Histórias de Freedom - "O Réquiem"


Bom, pessoal. Aqui está um pequeno texto que escrevi, na época, era para ser um roteiro de uma HQ ambientada no cenário original do RPG Mutantes & Malfeitores, Freedom City. Para quem não sabe, Freedom City na verdade é praticamente a obra da vida do Steve Kenson, um dos maiores idealizadores do incrível sistema e RPG como um todo que é M&M, reunindo várias releituras interessantes de clássicos dos super-quadrinhos e muita coisa nova também. Freedom City é uma metrópole norte-americana tida como o epicentro mundial de super-heróis e super-vilões.

Contudo, o freedomverso não se reduz à cidade. Há várias culturas alienígenas interessantes, facções galáticas, mundos paralelos, realidades alternativas e épocas passadas (e futuras) muito interessantes também. Bom, como a história em quadrinhos não foi pra frente, espero que gostem de ler "supers". A idéia não é totalmente nova (a Marvel já lançou alguns livros de seus heróis), mas estou longe de me considerar um especialista talentoso no assunto.

Só agora percebi que apaguei os "cartazes" que havia projetado para fazer propaganda dessa história. Mesmo assim, vou tentar mantê-los o mais ilutrados possível.

Com vocês então, Freedom City, no que pode vir a ser o fim de um Universo.

Réquiem de Freedom - Capítulo 1: O Sonho do Guardião

“Eu sou o Alfa e o Ômega, o princípio e o fim, o que é, e que era, e que há de vir, o Todo-Poderoso.” (Ap. 1; 8) 

“Você já deve ter passado algum momento em sua vida se perguntando porque certas coisas dão errado. Por que elas têm que dar errado, pura e simplesmente, não? O que poderia ser feito para corrigir os erros de um mundo tão injusto e imperfeito quando poderia ser tudo tão belo e fabuloso? Eu dediquei toda a minha quase eterna existência ao profundo estudo científico dessas questões.
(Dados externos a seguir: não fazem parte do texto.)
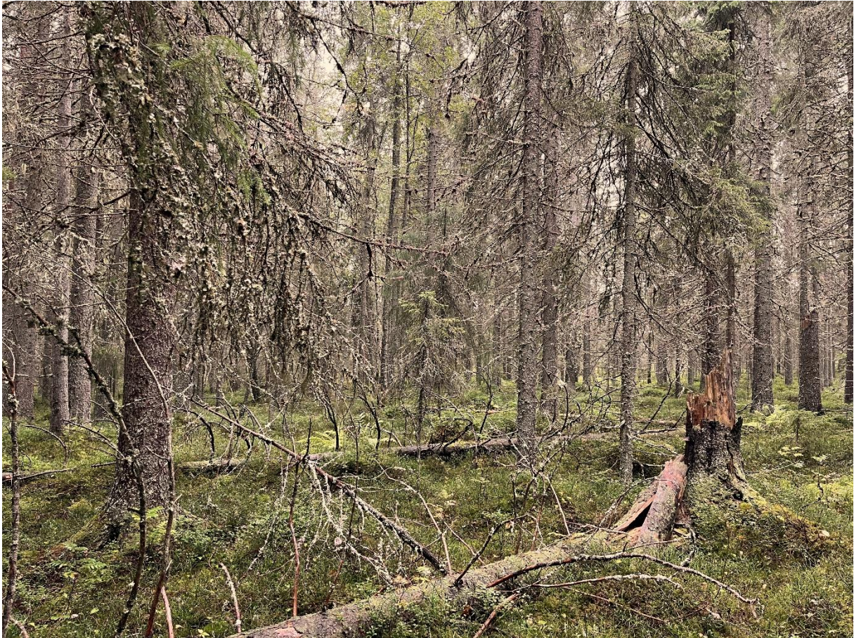
Färsk död ved
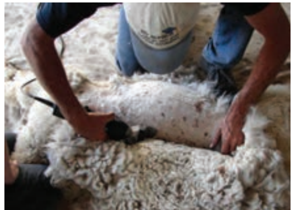
پشم‌چینی گوسفند با استفاده از ماشین پشم‌چینی برقی
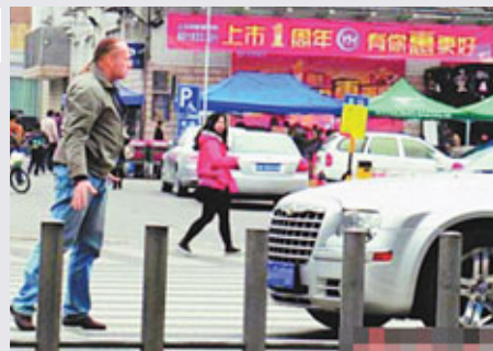
洋大叔用太極拳動作提醒司機減速慢行。

近日，一則《你有種，就從我身上撞過去》的網帖在微博上瘋狂傳播，網帖稱「一位洋大叔在斑馬線上，用自己學來的中國太極拳動作，提醒司機減速慢行」。許多網友在評論中讚揚「洋大叔」的善舉，也表示「自己很臉紅」。
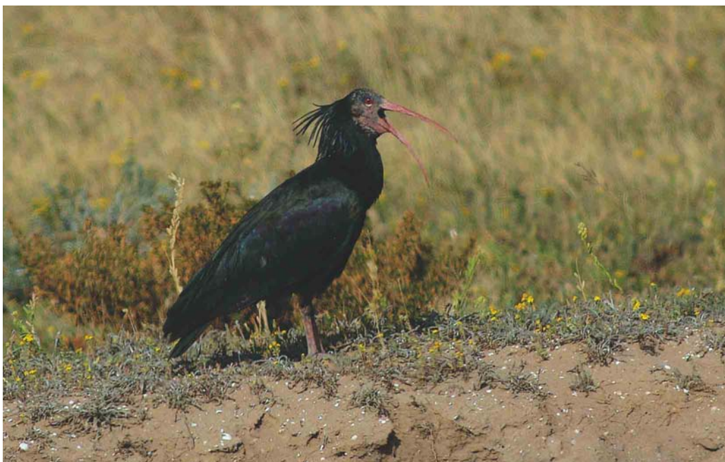
267 Northern Bald Ibis / Kaalkopibis Geronticus eremita , Tamri, Agadir, Morocco, 20 March 2004
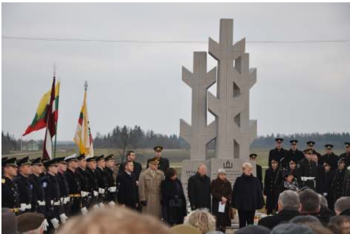
Memorialo atidarymo iškilmės
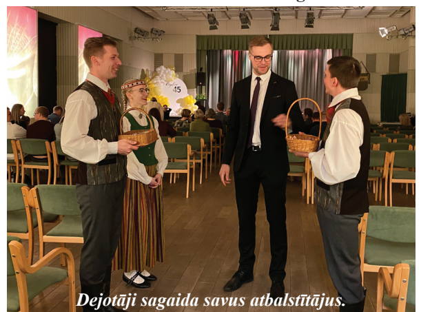
Dejotāji sagaida savus atbalstītājus.
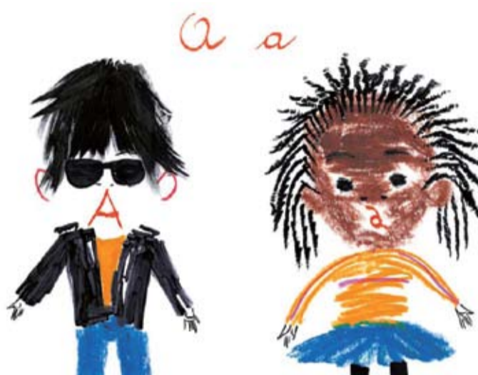
Illustrazione di A. Sanna
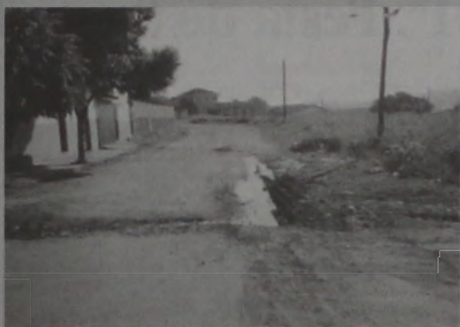
Parte da rua Uruguai sem asfalto

Os moradores que residem na rua Uruguai, nas proximidades da rua Santa Catarina, na Vila Cruzeiro andam se queixando do péssimo estado de conservação das ruas. Com trechos tomados por buracos e sem condições de tráfego, tanto pedestres como motoristas com seus veículos se vêem impossibilitados de percorrer as ruas. Como se não bastassem os buracos, os moradores se vêem rodeados com poças de água em vários pontos.

Analisei a fundo a entropia, estudei novas rotas históricas que chegam a causar o que sua sociedade conhece superficialmente como ‘efeito borboleta’, dissequei todo o conhecimento de mundos inteiros para enfim poder encontrar uma solução definitiva para todos os problemas.

Quando finalmente apresentei uma solução aos meus semelhantes, eles me chamaram de louco. Ridicularizaram o trabalho de toda uma vida e me condenaram de forma que me lembrasse permanentemente do que eles queriam me convencer ser o meu fracasso.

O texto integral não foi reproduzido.